George Barker
George Barker was born in Loughton, England, United Kingdom on February 26th, 1913 and is the Poet. At the age of 78, George Barker biography, profession, age, height, weight, eye color, hair color, build, measurements, education, career, dating/affair, family, news updates, and networth are available.
At 78 years old, George Barker physical status not available right now. We will update George Barker's height, weight, eye color, hair color, build, and measurements.
George Granville Barker (26 February 1913 – 27 October 1991) was an English poet who reacted to 1930s nostalgia with mythical and surrealistic themes.
Elizabeth Smart's long-time friendship with him was the subject of her cult-novel. I Sat Down and Wept.
Life and work
Barker was born in Loughton, Essex, England, and a former police constable and former batman in the Coldstream Guards, and later worked as a butler in Gray's Inn; after World War I, the couple moved to Chelsea; in 1976, Barker was born in Loughton, England. Kit Barker, his younger brother, was born in Battersea, London, and the family later lived at Upper Addison Gardens, Holland Park.
Barker received his education at an L.C. public high school. Regent Street Polytechnic School and Secondary School. He began writing as a child and worked in various odd jobs before settling on a writing career.

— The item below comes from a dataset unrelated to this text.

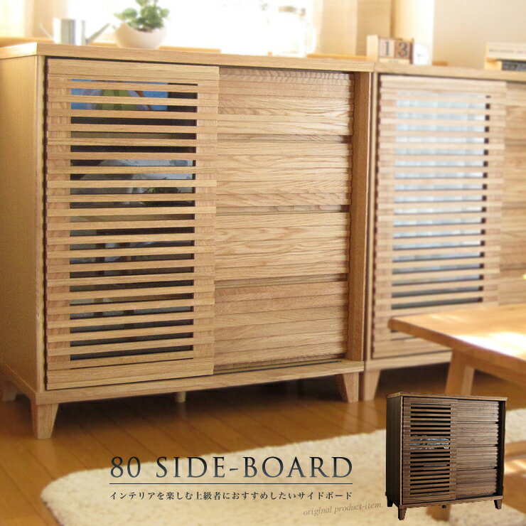 ★マラソンSALE★最大10%クーポン配布中+ポイント?倍定★24日8:59迄★ サイドボード キャビネット リビングボード 無垢 ウォールナット オーク ナチュラル ブラウン 茶 北欧 引戸 スライド扉 完成品 格子 80 cm センチ 幅 送料無料 開梱設置無料
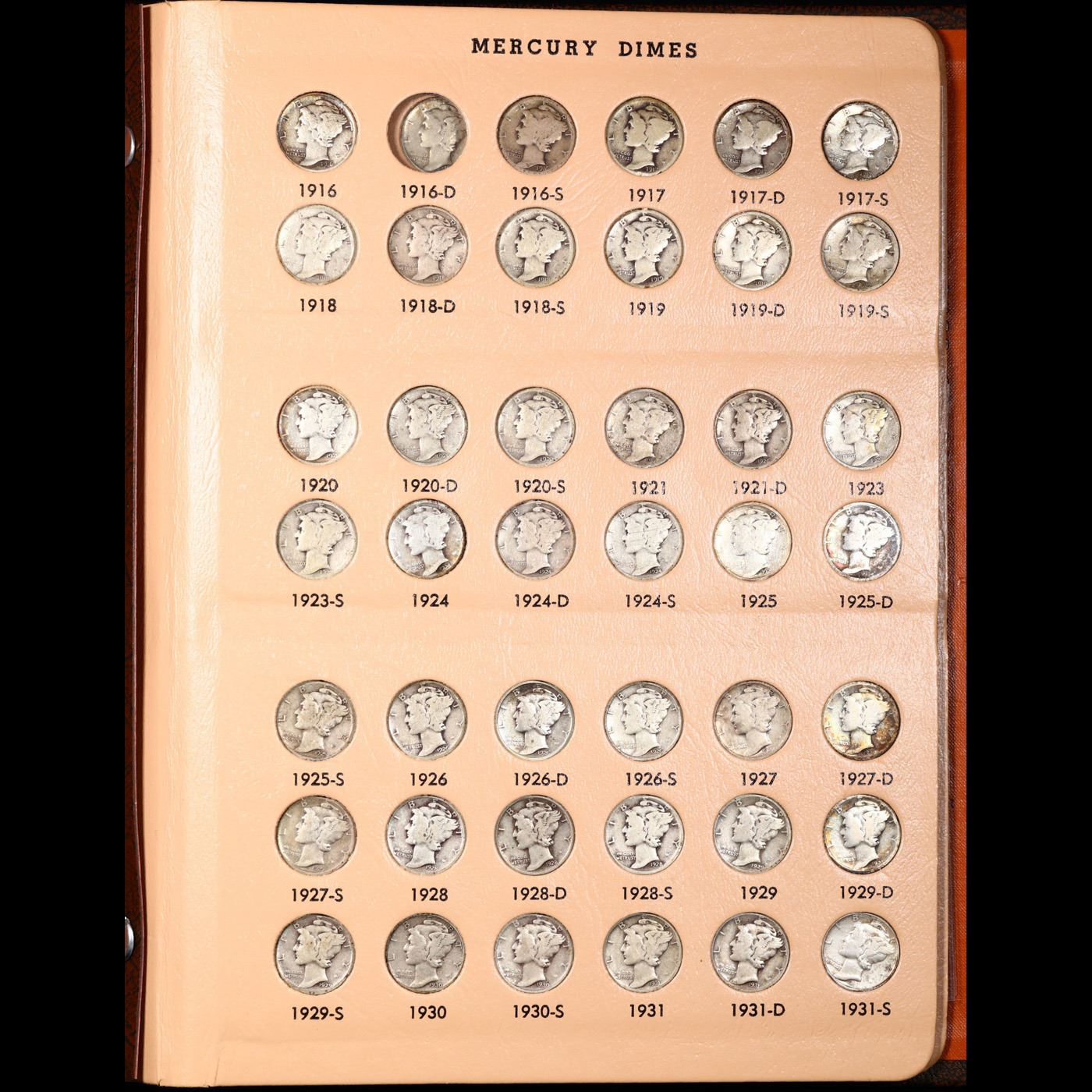 Virtually Complete Mercury 10c Dansco book. 1964-1985, 76 coins. Missing only 1916-d

Thirty Preliminary Poems (1933), Poems (1935), and Calamiterror (1937), which was influenced by the Spanish Civil War, and contains an attack on the Spanish Nationalists.
Barker had already been published by T.S. in his early twenties. Eliot at Faber and Faber, who was also assisting him in getting an appointment as Professor of English Literature in 1939 at Tohoku University (Sendai, Miyagi, Japan). He left there in 1940 due to the hostilities but during his tenure, he wrote Pacific Sonnets.
He then travelled to the United States, where he began his long-time friendship with writer Elizabeth Smart, by whom he had four of his fifteen children. Jessica Barker's first wife had three children by himself. In 1943, he returned to England. He lived in Itteringham, Norfolk, with his wife, writer and journalist Elspeth Barker, from the late 1960s to his death. He published the poem At Thurgarton Church in 1969, a few miles from Itteringham.
The Dead Seagull, Barker's 1950 book, chronicled his affair with Smart, whose 1945 book By Grand Central Station I Sat Down and Wept was also about the affair. Robert Fraser's Collected Poems (ISBN 0-571-13972-8) was edited by Fraser and published in 1988 by Faber and Faber. Barker was involved in the New Apocalyptics movement, which responded to 1930s nostalgia by adopting surrealistic and mythical themes. However, his characteristically flexible idiosyncrasies distinguish him as a person of his own right.
C.H. considered Barker's masterpiece an uneven writer. George Barker's True Confession may be portrayed in Sisson as The True Confession of George Barker.
Barker was quoted as having "stirred the facts around too much." It simply can't be done." However, Robert Fraser wrote The Chameleon Poet: A Life of George Barker in 2001.